In [78]:
import os
import pandas as pd
import numpy as np
from openpyxl import *
from openpyxl.styles import Font, Border, Side, Alignment, colors
import re
import sys
sys.path.append("../scripts/")

from process import bidExcelProcessing, bidExcelFormat
from extract import filterDownloadExcel, relatedSheetProcessing

cpath = "/Users/junyelu/Desktop/cost.xlsx"
ppath = "/Users/junyelu/Desktop/Parameters.xlsx"
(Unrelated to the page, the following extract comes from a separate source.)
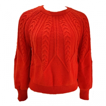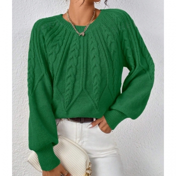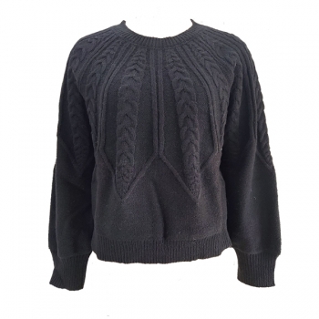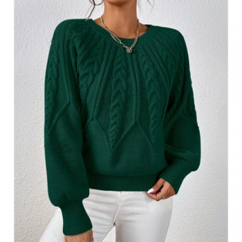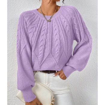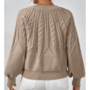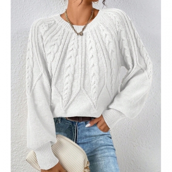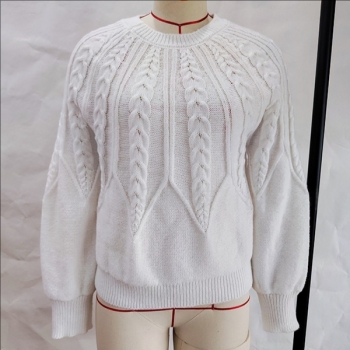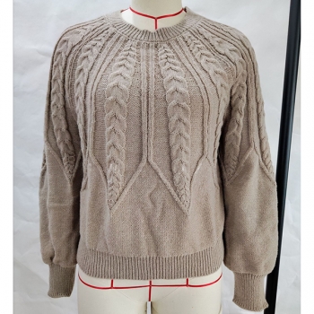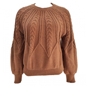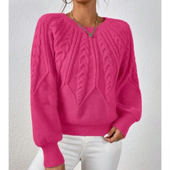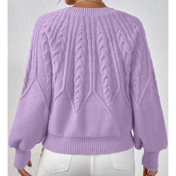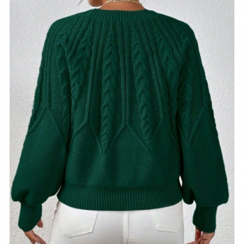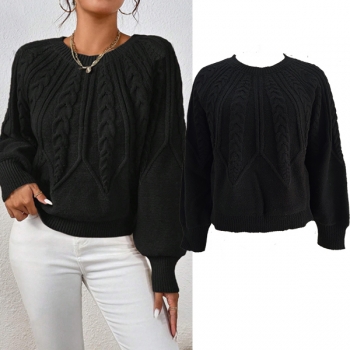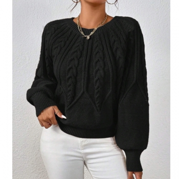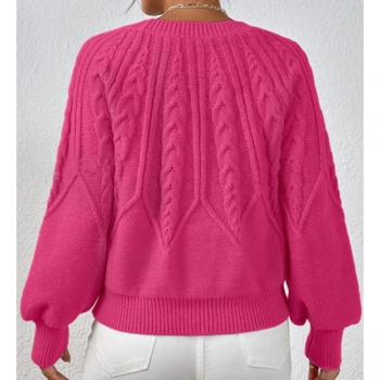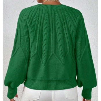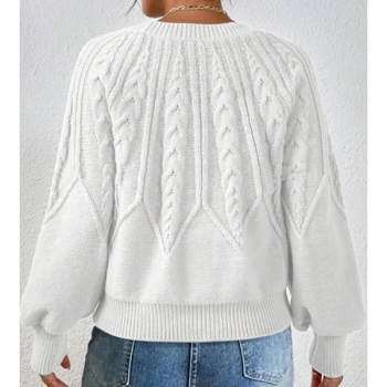 Women's Crew Neck Long Sleeve Cable Pattern Knitted Sweater

def migration(iPath, outpath):
    '''
    Mapping completed table onto worksheets ready for submission
    ---
    input: confirmed Excelsheets
    output: Excelsheets ready for submssion
    ---
    '''
    #Input and process all files, locate relevant sheets
    inputFile = pd.read_excel(ipath, sheet_name=None, converters={'网省采购申请号': int})
    table = pd.read_excel(outpath, skiprows=0, usecols='A:S', converters={'网省采购申请行号': int})
    table = table.drop('未含税单价(万)', axis=1)
    if len(table.loc[0,'分包名称']) == 2:
        table.loc[:, '分包名称'] = table.loc[:, '分包名称'].apply(lambda x: x.replace('包', '包0') if len(x) == 2 else x)
    for _, sheet in inputFile.items():
        if sheet.loc[0,'网省采购申请号'] in list(table['网省采购申请行号']):
            inputSheet = sheet
            break
    
    #Migrate data
    temp = inputSheet.loc[:,['包名称', '网省采购申请号', '物资名称', '未含税单价']]
    temp = temp.rename(columns={'包名称': '分包名称', '网省采购申请号': '网省采购申请行号', '物资名称': '物料名称', '未含税单价': '未含税单价(万)'})
    try:
        table = pd.merge(table, temp, on=['分包名称', '物料名称','网省采购申请行号'])
    except:
        return f"{outpath.split('/')[-1].split('.')[0]} 存在数据问题"
    
    #Followup with computations
    table['税率（%）'] = 13
    table['含税单价(万)'] = table['未含税单价(万)'] * (1 + table['税率（%）']/100) 
    table['未含税合价(万)'] = table['未含税单价(万)'] * table['数量']
    table['含税合价(万)'] = table['含税单价(万)'] * table['数量']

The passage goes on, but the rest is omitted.